Records provided:
====================

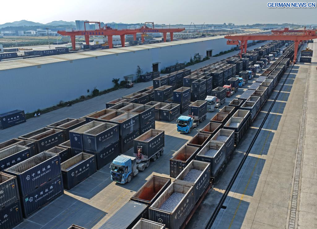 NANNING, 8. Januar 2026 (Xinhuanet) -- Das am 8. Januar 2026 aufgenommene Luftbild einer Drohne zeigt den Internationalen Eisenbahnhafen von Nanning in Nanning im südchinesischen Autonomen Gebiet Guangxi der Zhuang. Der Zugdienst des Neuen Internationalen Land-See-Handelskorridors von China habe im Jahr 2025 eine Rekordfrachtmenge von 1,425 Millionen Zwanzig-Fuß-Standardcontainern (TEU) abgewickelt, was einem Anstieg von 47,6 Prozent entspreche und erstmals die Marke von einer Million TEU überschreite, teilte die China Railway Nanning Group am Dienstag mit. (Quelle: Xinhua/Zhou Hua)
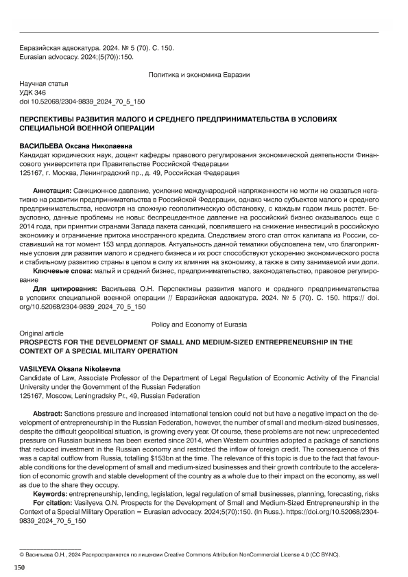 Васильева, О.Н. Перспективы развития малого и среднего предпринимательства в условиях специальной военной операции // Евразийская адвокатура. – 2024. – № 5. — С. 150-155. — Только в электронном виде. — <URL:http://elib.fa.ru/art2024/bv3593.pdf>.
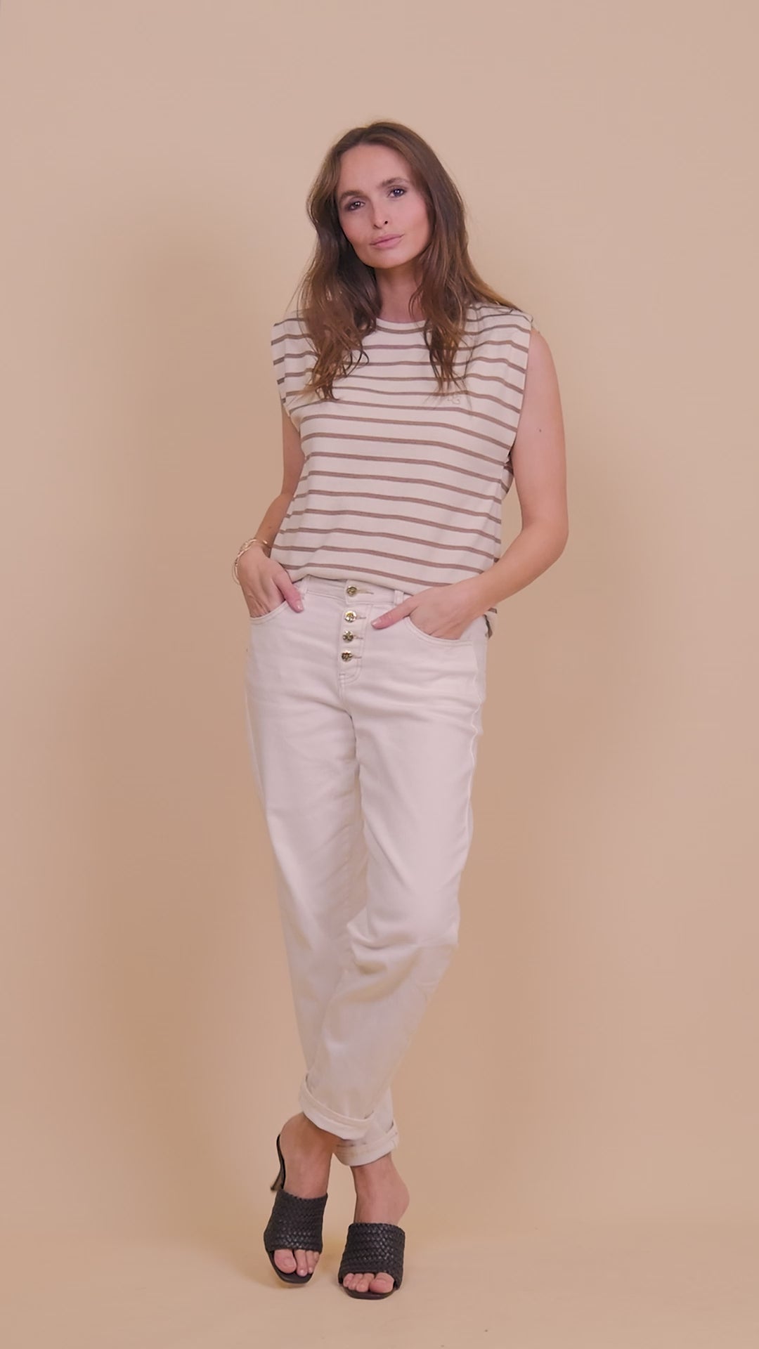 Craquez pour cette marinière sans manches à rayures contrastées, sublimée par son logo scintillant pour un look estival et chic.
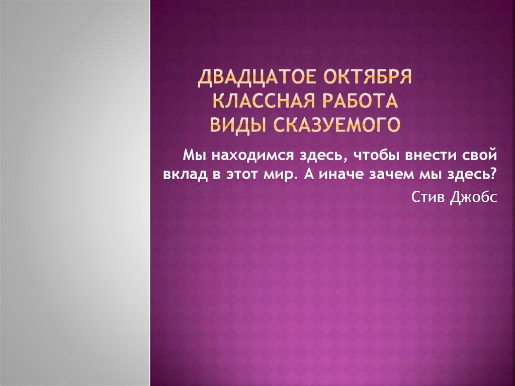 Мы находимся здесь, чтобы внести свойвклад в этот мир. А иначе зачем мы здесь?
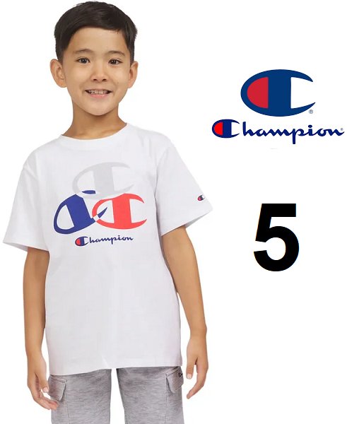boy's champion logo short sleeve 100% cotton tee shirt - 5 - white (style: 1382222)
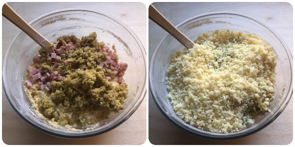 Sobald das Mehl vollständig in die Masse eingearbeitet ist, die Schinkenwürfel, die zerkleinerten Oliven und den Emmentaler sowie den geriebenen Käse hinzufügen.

====================

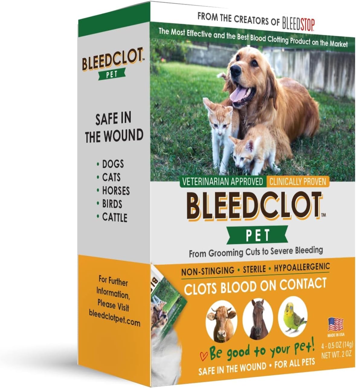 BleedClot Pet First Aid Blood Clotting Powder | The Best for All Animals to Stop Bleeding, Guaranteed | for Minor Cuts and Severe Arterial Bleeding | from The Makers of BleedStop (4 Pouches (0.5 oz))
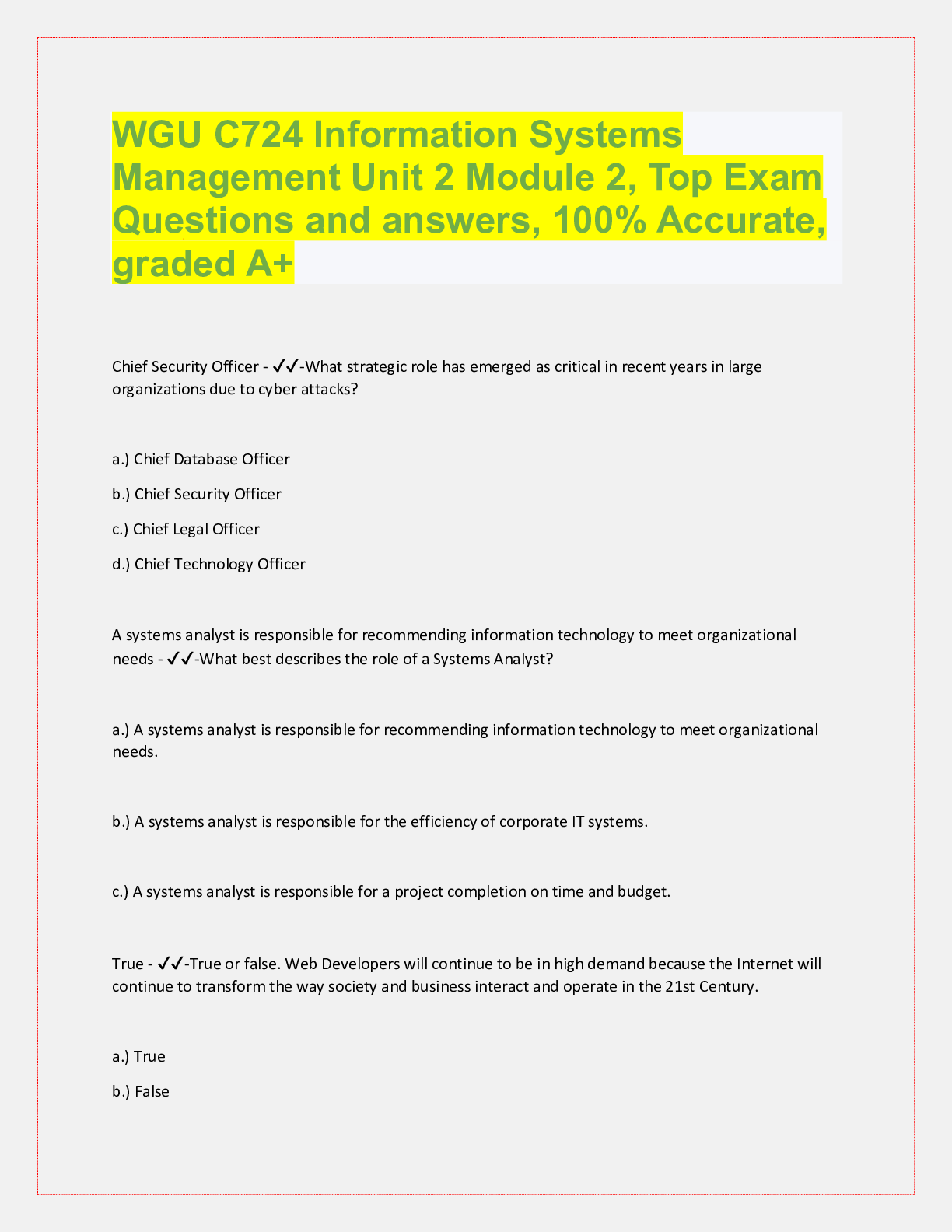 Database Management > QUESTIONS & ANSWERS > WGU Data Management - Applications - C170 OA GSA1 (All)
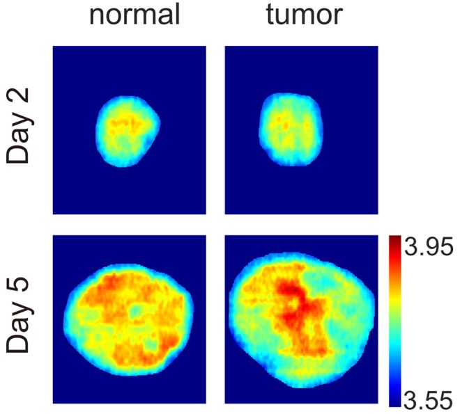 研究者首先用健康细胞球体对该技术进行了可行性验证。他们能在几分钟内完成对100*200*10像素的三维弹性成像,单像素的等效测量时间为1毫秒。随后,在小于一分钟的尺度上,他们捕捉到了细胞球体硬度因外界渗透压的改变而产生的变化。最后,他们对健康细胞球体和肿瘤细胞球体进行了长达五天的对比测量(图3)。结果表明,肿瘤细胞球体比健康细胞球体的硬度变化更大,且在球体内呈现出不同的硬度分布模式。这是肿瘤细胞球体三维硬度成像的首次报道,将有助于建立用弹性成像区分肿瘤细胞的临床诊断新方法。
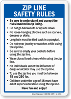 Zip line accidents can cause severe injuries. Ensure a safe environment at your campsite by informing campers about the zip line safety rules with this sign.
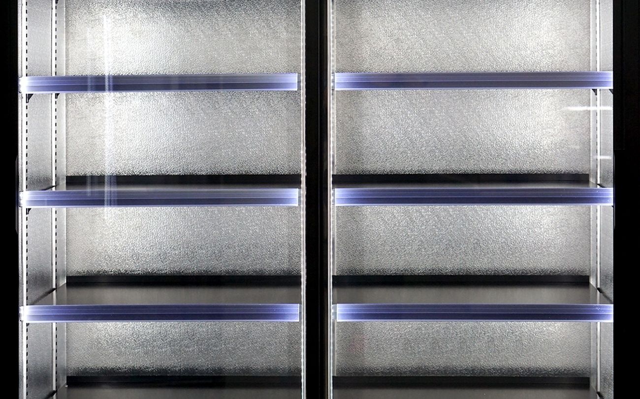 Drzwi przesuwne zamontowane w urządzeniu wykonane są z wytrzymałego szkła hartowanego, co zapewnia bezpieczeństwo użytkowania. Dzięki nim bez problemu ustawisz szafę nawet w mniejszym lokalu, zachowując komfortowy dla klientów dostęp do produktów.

====================

Instructions for the task:
For the data above, set down exactly the lines from the line with "Zip line accidents" to the line with "Drzwi przesuwne zamontowane", both included, leaving pictures out.

Written response:
 Zip line accidents can cause severe injuries. Ensure a safe environment at your campsite by informing campers about the zip line safety rules with this sign.
 Drzwi przesuwne zamontowane w urządzeniu wykonane są z wytrzymałego szkła hartowanego, co zapewnia bezpieczeństwo użytkowania. Dzięki nim bez problemu ustawisz szafę nawet w mniejszym lokalu, zachowując komfortowy dla klientów dostęp do produktów.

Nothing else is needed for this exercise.